There is a category of question that most red light device companies route around. Questions about flicker percentages, waveform shape, switching frequency, electromagnetic field sources, and whether USB-C power actually changes anything. The answers require circuit-level knowledge, and honest answers sometimes reveal uncomfortable differences between products.

Arjen Helder designed the PCB inside the Helder 2. Before that, he co-created the FlexBeam — among the first consumer wearable near-infrared devices — which means this is his second time building a consumer photobiomodulation device from the component level up. We filmed this Q&A in multiple sessions at our bench in Chiang Mai, with an oscilloscope and a solar panel sensor as the opening demonstration. The questions came from our community.

This is the full transcript, edited for readability. Where Arjen pushed back on a question's premise, that is preserved.
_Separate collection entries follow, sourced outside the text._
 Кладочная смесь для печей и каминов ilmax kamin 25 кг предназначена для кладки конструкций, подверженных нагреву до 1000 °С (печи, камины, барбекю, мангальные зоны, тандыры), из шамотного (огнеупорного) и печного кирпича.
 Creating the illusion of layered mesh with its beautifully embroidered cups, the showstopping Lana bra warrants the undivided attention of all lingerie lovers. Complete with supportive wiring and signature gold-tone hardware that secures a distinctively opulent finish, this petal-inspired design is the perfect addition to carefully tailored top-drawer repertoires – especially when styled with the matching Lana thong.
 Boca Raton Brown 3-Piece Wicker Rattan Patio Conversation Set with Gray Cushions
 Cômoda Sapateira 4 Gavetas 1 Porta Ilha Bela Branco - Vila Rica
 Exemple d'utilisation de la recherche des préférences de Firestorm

Where he said he did not know something, that is preserved too.


Before the Questions: Live on the Oscilloscope

Before the structured Q&A, Arjen ran a live bench demonstration using a small solar panel from a previous project as a photodiode sensor, pointed at the Helder 2 electronics and connected to an oscilloscope.
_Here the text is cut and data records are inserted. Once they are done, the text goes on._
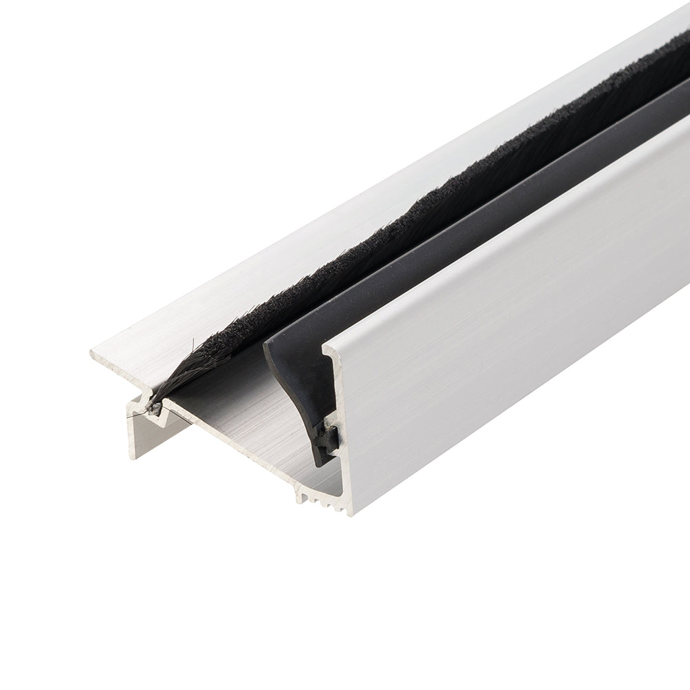 Aluminium. Improves insulation and keeps out pests, draughts and noise. Reduces water ingress. Compatible with doors with 10-15mm clearance. Attaches to bottom of door. Length 914mm. Width 52mm.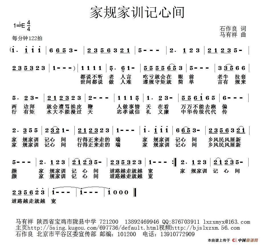关于《家规家训记心间》曲谱的评论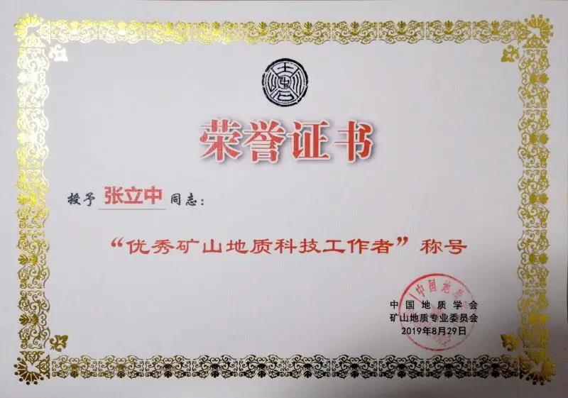 参加工作以来,张立中同志在工作中认真负责、一丝不苟,具备过硬的岗位技能和不怕苦、不怕累、勇挑重担、迎难而上、不斤斤计较个人得失的奉献精神,在他身上体现着新时代地质人员吃苦耐劳的精神风貌,为青年地质工作者树立了良好的榜样,起到了先锋模范作用。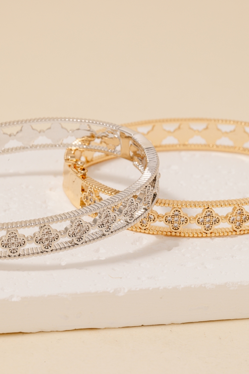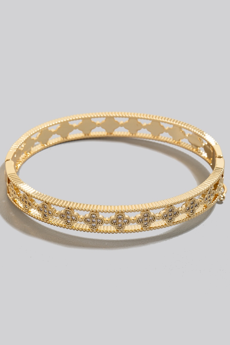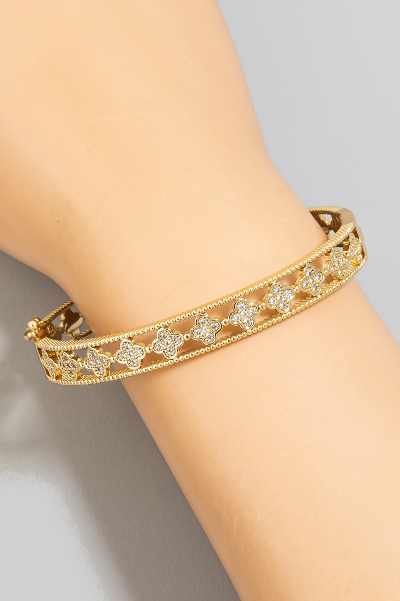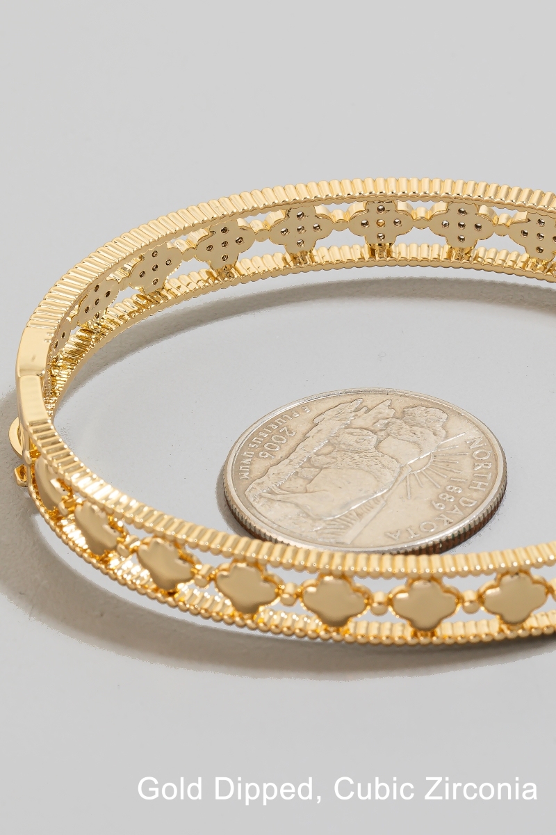 - This bangle bracelet introduces a unique gold dipped cubic zirconia pave clover row hinge style. Elevate your ensemble with this chic, timeless bangle bracelet.

His explanation of why a solar panel works for this: it converts light variation directly to a voltage signal, which the oscilloscope displays in real time. No special equipment needed — the physics of a solar cell makes it a natural flicker detector.
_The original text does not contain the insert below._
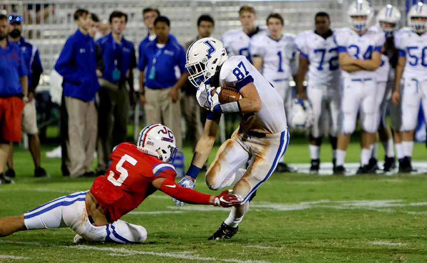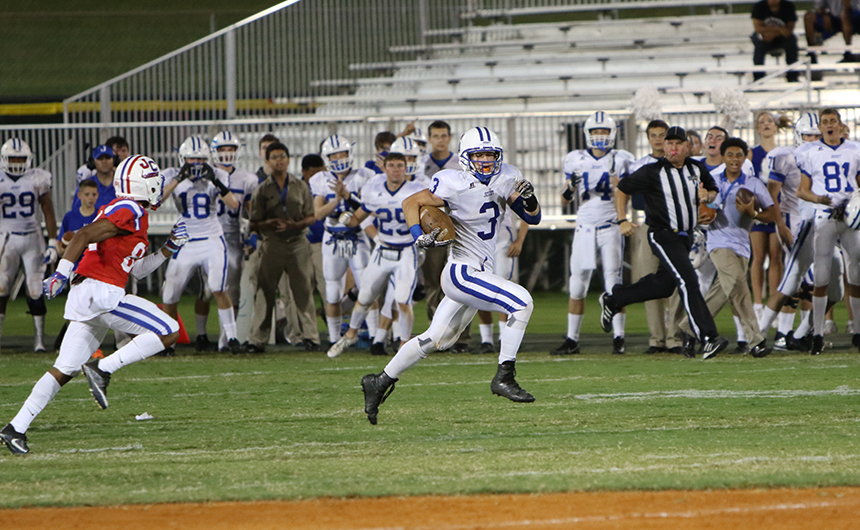 For the second week in a row, a scoreless first half plagued the Blue and White. A five touchdown deficit at halftime is tough for any team to overcome, but especially against the Patriots of John Curtis, who scored 35 unanswered first-half points behind the running game of sophomore quarterback Collin Guggenheim.

At full Body Mode power: essentially a flat line on the oscilloscope. No measurable flicker. A small amount of noise was present, but Arjen switched the device off and the noise remained — confirming it was ambient RF from the environment, not from the device.

He then pressed the Head Mode button. A signal appeared immediately. He auto-scaled the oscilloscope and the trace resolved into a clean sine wave at approximately 50 kHz.

His comment: "That's what you want. Sine waves are natural. Square waves are man-made. Nothing is square in nature — you walk into any forest and as soon as you see a square, you know one thing for sure: a human made that. So that's what I try to do. I try to make things as close to nature as possible. And if I do have some noise in my output, I want that to be a natural shape."

He then probed directly on the PCB to show what the driver itself produces at full power — a small residual pulse visible at very high oscilloscope magnification (200 millivolts range). This demonstrates the difference between what the driver chip generates and what the capacitors deliver to the LEDs. The capacitors absorb and smooth that driver-level signal before it becomes light.

Key finding: Optical output in Body Mode — no measurable flicker. Head Mode — a clean sine wave at approximately 50 kHz, above any perceptible or biologically relevant threshold.


Why Do LEDs Flicker in the First Place?

The LED itself does not flicker by design. The driver does.

LEDs are current-controlled devices, not voltage-controlled like a traditional incandescent bulb. An incandescent runs on whatever voltage you supply; an LED will draw as much current as it can and destroy itself if nothing limits the flow. Every LED product therefore uses a driver chip — a controller that limits current to a defined value.

The flicker you see in cheap LED bulbs comes from the driver, not the emitter. Specifically, it comes from a driver that is not adequately buffering the mains supply. Mains power in a 50 Hz country produces a pulsing DC signal at 100 Hz after rectification. Higher-quality LED bulbs historically used a 400V capacitor to buffer that signal; the cheap ones do not. If the driver passes that 100 Hz pulsation through to the LEDs without smoothing it, you get 100 Hz flicker — exactly the range where human vision is most sensitive.

This is not an LED problem. It is a driver design and component quality problem.


What Causes Flicker Specifically in Red Light Therapy Panels?

Red light therapy panels use the same LED fundamentals, but add a second flicker source: PWM dimming.

PWM — Pulse Width Modulation — is the standard method for controlling average power through an LED without wasting energy as heat. Rather than running the LED at partial voltage, the driver switches the LED fully on and fully off at high speed. At 50% duty cycle — equal on and off time — you get half the average power. The analogy Arjen uses: controlling water flow not by partially closing a valve, but by opening and closing it rapidly at a fixed interval. Inefficient for plumbing; highly efficient for electronics.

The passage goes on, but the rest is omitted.